Вот и она, легка на помине, с молодым приглядным дворянином – единственным здесь незамаскированным, с двумя перьями на шляпе. Это уже третий раз Марлинетта приводит («притаскивает» – фыркают недоброжелательницы и завистницы) очередного друга – ради хвастовства, понятное дело. Ишь, пыжится, заразка, быстрые победительные взгляды разбрасывает по сторонам…
Пожилой лекарь Тапротель с супружницей: он, как и барон, знавал лучшие времена, хоть и не дворянин. Много лет был домашним лекарем влиятельного министра, посещал благородные развлечения нередко. Вот только девять лет назад министр проиграл какую-то серьезнейшую придворную интригу так неудачно, что был не отставлен и не сослан, а казнен по обвинению в заговоре (очень может быть, говорил, понизив голос, худог Гаспер, и облыжному, но даже если это так и было, особо сочувствовать бедняге не следует – он сам в свое время, оказавшись в числе победителей, своего предшественника отправил на плаху, так уж у людей его полета заведено). После чего, как нередко случается, от приближенных лиц казненного все шарахнулись как от зачумленных, перед ними захлопнулись все двери, и почти год Тапротель, как выражаются простолюдины, бедолажничал. Но потом, так уж счастливо обернулось, стал официальным лекарем улицы Серебряного Волка – должность не особенно хлопотная, но денежная. Серьезные хвори и калеченья здесь редки, но, коли уж они случаются, всегда под рукой знающий искусный лекарь. К тому же хватает легких поранений (главным образом у малолетних шалунов и перебравших лишку взрослых) и мелких хворей, и Тапротель прилежно помогает. Да и старики требуют лекарского присмотра.

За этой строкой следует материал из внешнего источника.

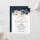 Navy Blue Blush Pink Rose Boho Wedding Invitation
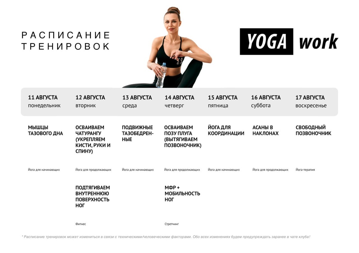 🧩 Личный пазл здоровья: каждый день — кусочек нового состояния На этой неделе в закрытом клубе YOGA work мы собираем систему — из силы, мягкости, баланса и дыхания. Каждое занятие, как шаг к здоровому телу. А вот что у нас по расписанию: ✔️ Понедельник — мышцы тазового дна (для начинающих) Те самые мышцы, которые никто не видит, но от которых зависит почти всё: осанка, женское и мужское здоровье, легкость в теле, здоровье поясницы. Мужчины, вы тоже не пропускайте! ✔️ Вторник — осваиваем Чатурангу (для продолжающих) Чатуранга — основа йогической силы. Если хочется перестать падать грудью в коврик и начать держать себя с достоинством — вы по адресу. Разбираем асану по кирпичикам: где руки, где плечи, куда смотреть, чем дышать ❤️ Фитнес — подтягиваем внутреннюю поверхность ног ✔️ Среда — подвижные тазобедренные (для начинающих) Если таз залип — страдает вся система: поясница ноет, походка теряет грацию, в теле тяжесть. Будем бережно размораживать это место: раскрепощать, растягивать

Далеко не каждая улица Зеленой Околицы может похвастать своим лекарем, но улица Серебряного Волка всегда стремилась в чем возможно восторжествовать над другими – без лишней суеты, но используя любой удобный случай. Как нельзя кстати оказались барон Лайток и лекарь Тапротель, да и к худогу Гасперу отношение самое доброе, пусть в его появлении здесь никаких заслуг улицы и нет, – редко где вы встретите худога-дворянина, поселившегося среди незнатных людей добровольно, причем, что немаловажно, вполне благополучного, не попадавшего в жизненные хлопоты, не бедолажничавшего…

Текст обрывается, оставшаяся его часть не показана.